Study material:
·····

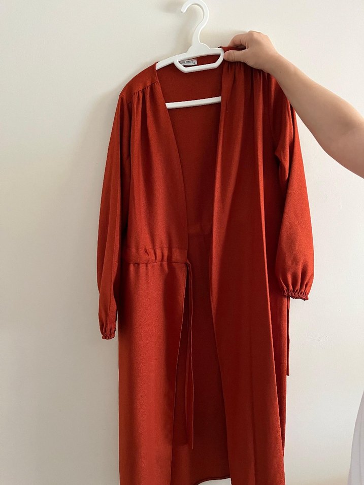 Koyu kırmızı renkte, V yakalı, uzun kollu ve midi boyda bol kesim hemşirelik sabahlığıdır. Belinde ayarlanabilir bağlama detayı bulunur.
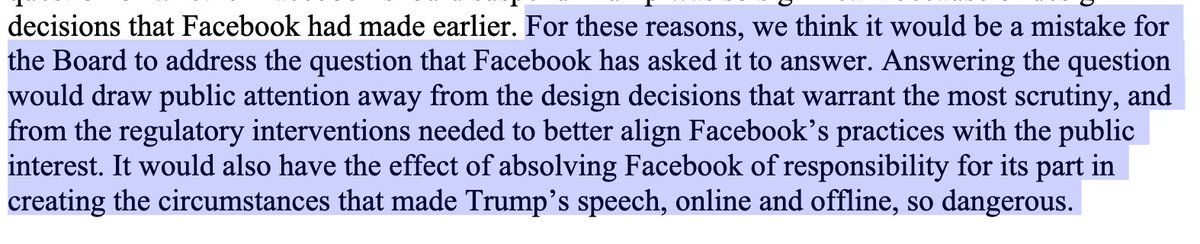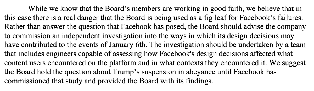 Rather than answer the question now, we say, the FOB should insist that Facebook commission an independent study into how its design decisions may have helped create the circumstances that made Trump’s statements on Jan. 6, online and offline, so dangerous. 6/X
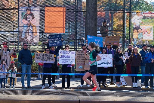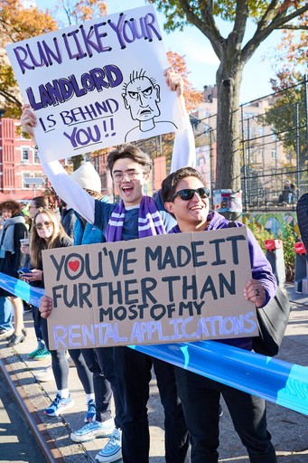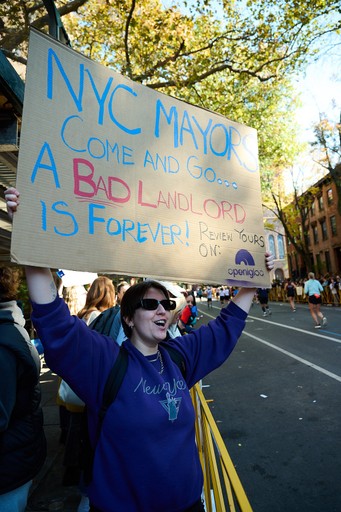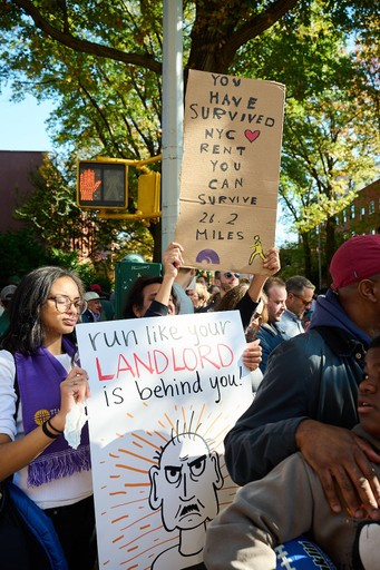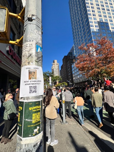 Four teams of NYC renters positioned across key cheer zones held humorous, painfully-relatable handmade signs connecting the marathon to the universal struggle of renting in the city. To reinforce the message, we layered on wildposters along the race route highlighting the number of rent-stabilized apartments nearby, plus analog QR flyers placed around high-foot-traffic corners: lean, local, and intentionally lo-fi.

·····

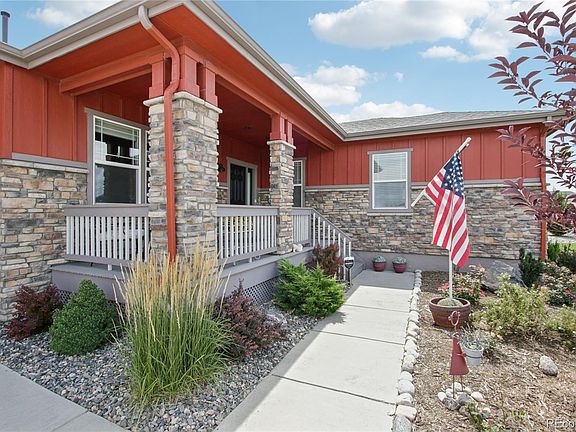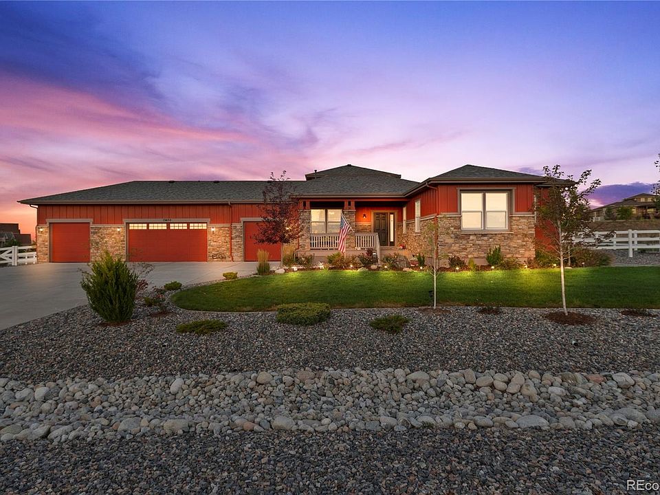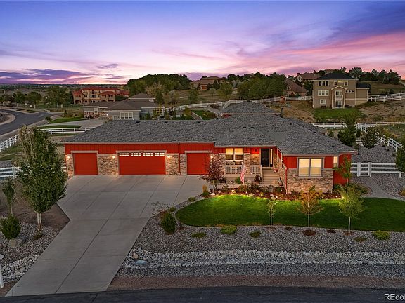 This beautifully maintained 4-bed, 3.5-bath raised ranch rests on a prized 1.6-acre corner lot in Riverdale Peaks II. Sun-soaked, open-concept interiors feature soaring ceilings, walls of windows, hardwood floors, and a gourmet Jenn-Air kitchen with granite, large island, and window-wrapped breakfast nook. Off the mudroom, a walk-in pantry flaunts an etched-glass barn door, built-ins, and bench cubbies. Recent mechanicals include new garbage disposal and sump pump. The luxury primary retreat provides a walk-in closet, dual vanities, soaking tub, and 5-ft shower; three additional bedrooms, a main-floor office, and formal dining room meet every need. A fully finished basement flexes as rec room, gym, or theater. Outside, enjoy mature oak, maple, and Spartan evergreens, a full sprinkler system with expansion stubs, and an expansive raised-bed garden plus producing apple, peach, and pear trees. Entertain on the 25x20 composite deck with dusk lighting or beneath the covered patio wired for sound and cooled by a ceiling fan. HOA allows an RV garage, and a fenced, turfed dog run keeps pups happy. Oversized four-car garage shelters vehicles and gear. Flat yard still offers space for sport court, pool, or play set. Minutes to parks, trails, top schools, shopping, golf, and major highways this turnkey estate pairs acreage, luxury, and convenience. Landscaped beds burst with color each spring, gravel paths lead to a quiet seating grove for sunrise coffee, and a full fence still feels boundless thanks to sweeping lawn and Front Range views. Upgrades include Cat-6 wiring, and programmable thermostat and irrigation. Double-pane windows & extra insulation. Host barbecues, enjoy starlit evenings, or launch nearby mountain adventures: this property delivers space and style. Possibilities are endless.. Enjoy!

·····

Action item: Reproduce exactly the lines above starting at the line containing "Rather than answer" and ending at the line containing "Four teams of", including both, but not the pictures.

Task output:
 Rather than answer the question now, we say, the FOB should insist that Facebook commission an independent study into how its design decisions may have helped create the circumstances that made Trump’s statements on Jan. 6, online and offline, so dangerous. 6/X
 Four teams of NYC renters positioned across key cheer zones held humorous, painfully-relatable handmade signs connecting the marathon to the universal struggle of renting in the city. To reinforce the message, we layered on wildposters along the race route highlighting the number of rent-stabilized apartments nearby, plus analog QR flyers placed around high-foot-traffic corners: lean, local, and intentionally lo-fi.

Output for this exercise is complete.